= Call-Push-Shock =

Call-Push-Shock (CPS) is a national collaborative movement co-sponsored by Parent Heart Watch (PHW) and Sudden Cardiac Arrest Foundation (SCAF). It is designed to drive public awareness, understanding, and action in cases of out-of-hospital cardiac arrest and increase survival rates by speaking in one voice across multiple organizations.
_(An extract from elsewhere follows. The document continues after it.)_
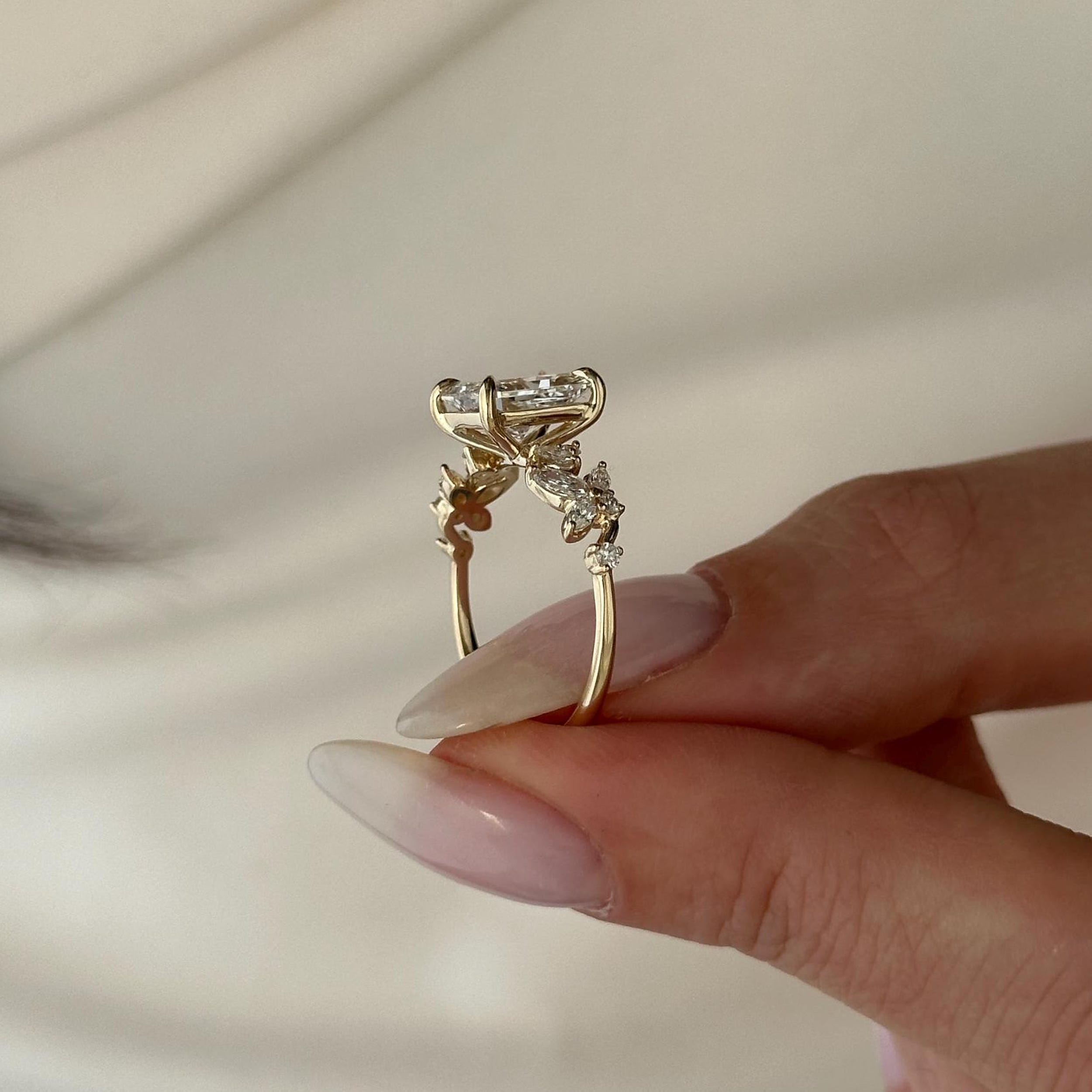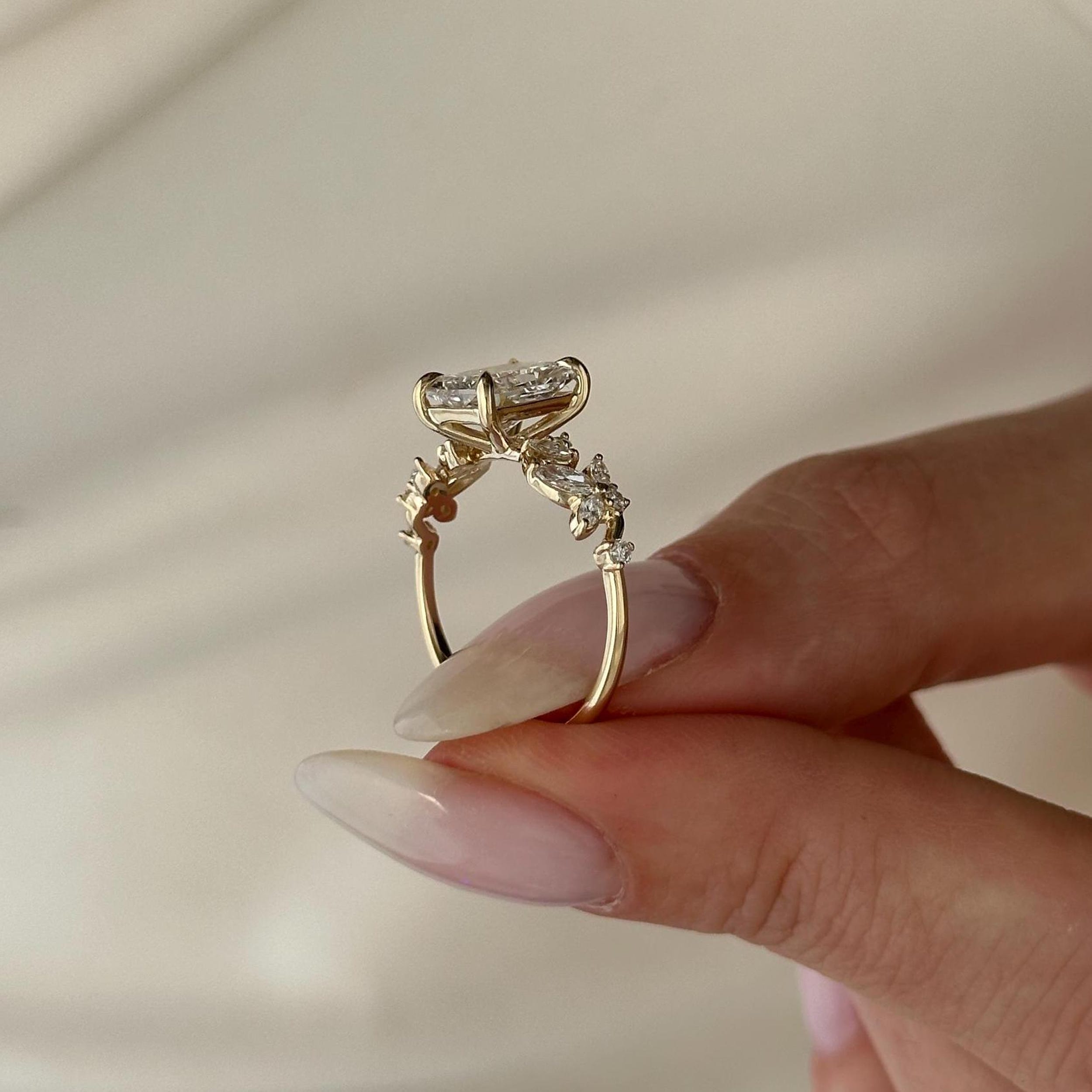 2.0 CT Radiant Cut Moissanite Cluster Style Engagement Ring
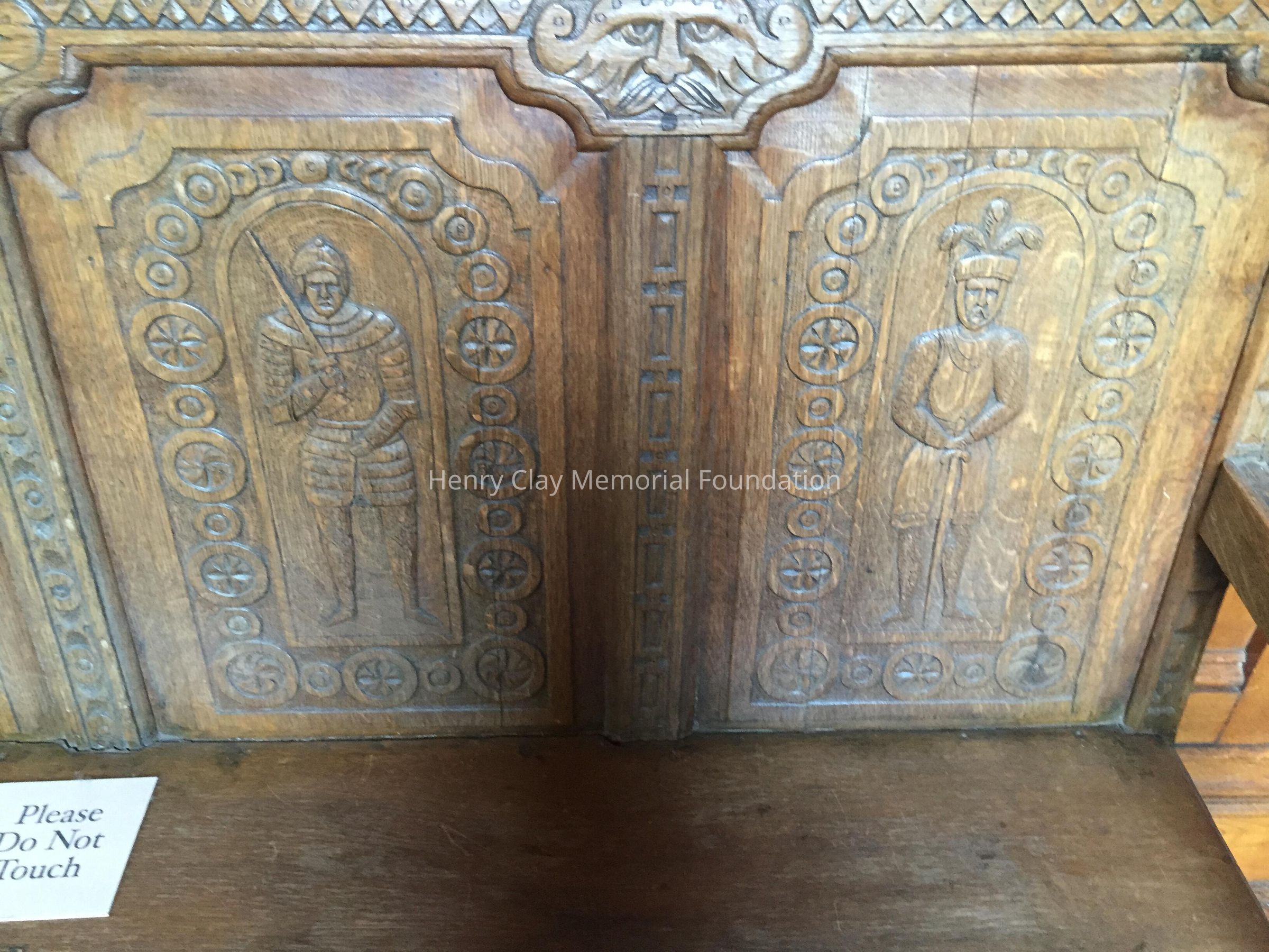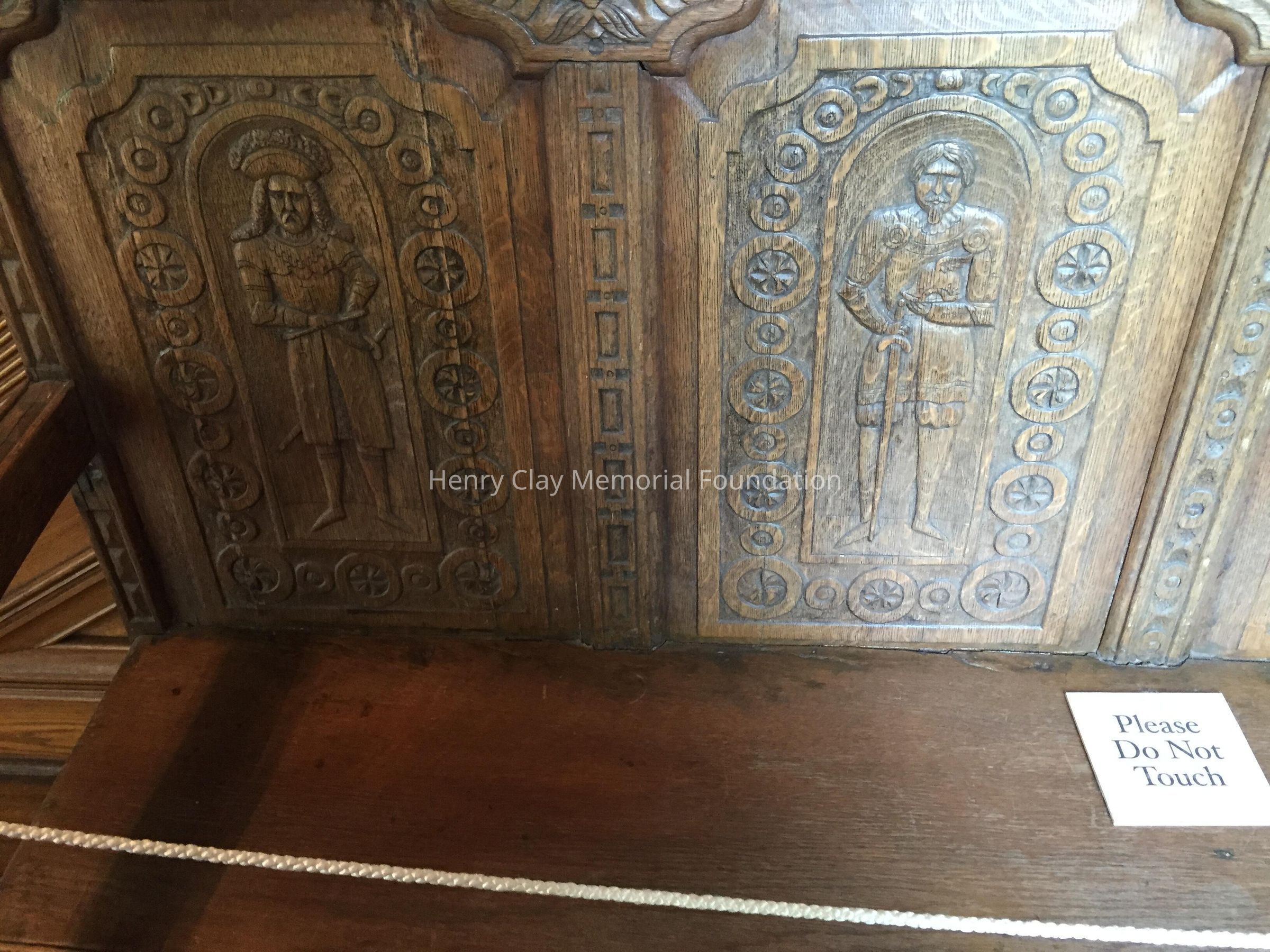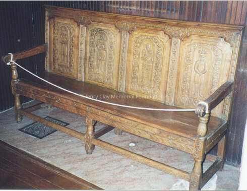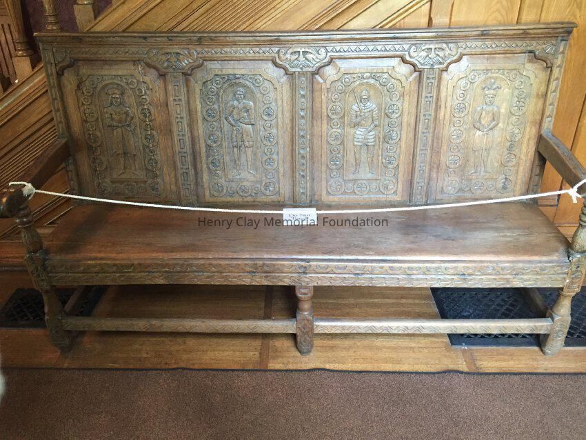 Carved oak bench. Back is comprised of four panels carved with standing medieval figures. Scrolled arms at both ends. Rails on legs.

CPS urges the public, when it witnesses sudden cardiac arrest, to call 911, provide CPR, and use an automated external defibrillator (AED), if available.

The CPS concept is based on consumer research conducted by StrataVerve for SCAF. This research also led to development of tested definition of sudden cardiac arrest written at an 8th grade level.

CPS was developed in response to a 2015 report from a workshop hosted by the Institute of Medicine (now the National Academy of Medicine). Among other things, the IOM report recommended crystallizing messaging to promote public awareness; using a singular, simple, concise, easy-to communicate, and compelling message; establishing a public awareness campaign; and establishing a cardiac arrest collaborative.

PHW and SCAF launched CPS in June 2018 during National CPR-AED Awareness Week. More than 50 organizations have joined CPS since its inception, including the Centers for Disease Control and Prevention.

An abstract on CPS was published by the American Heart Association in 2019.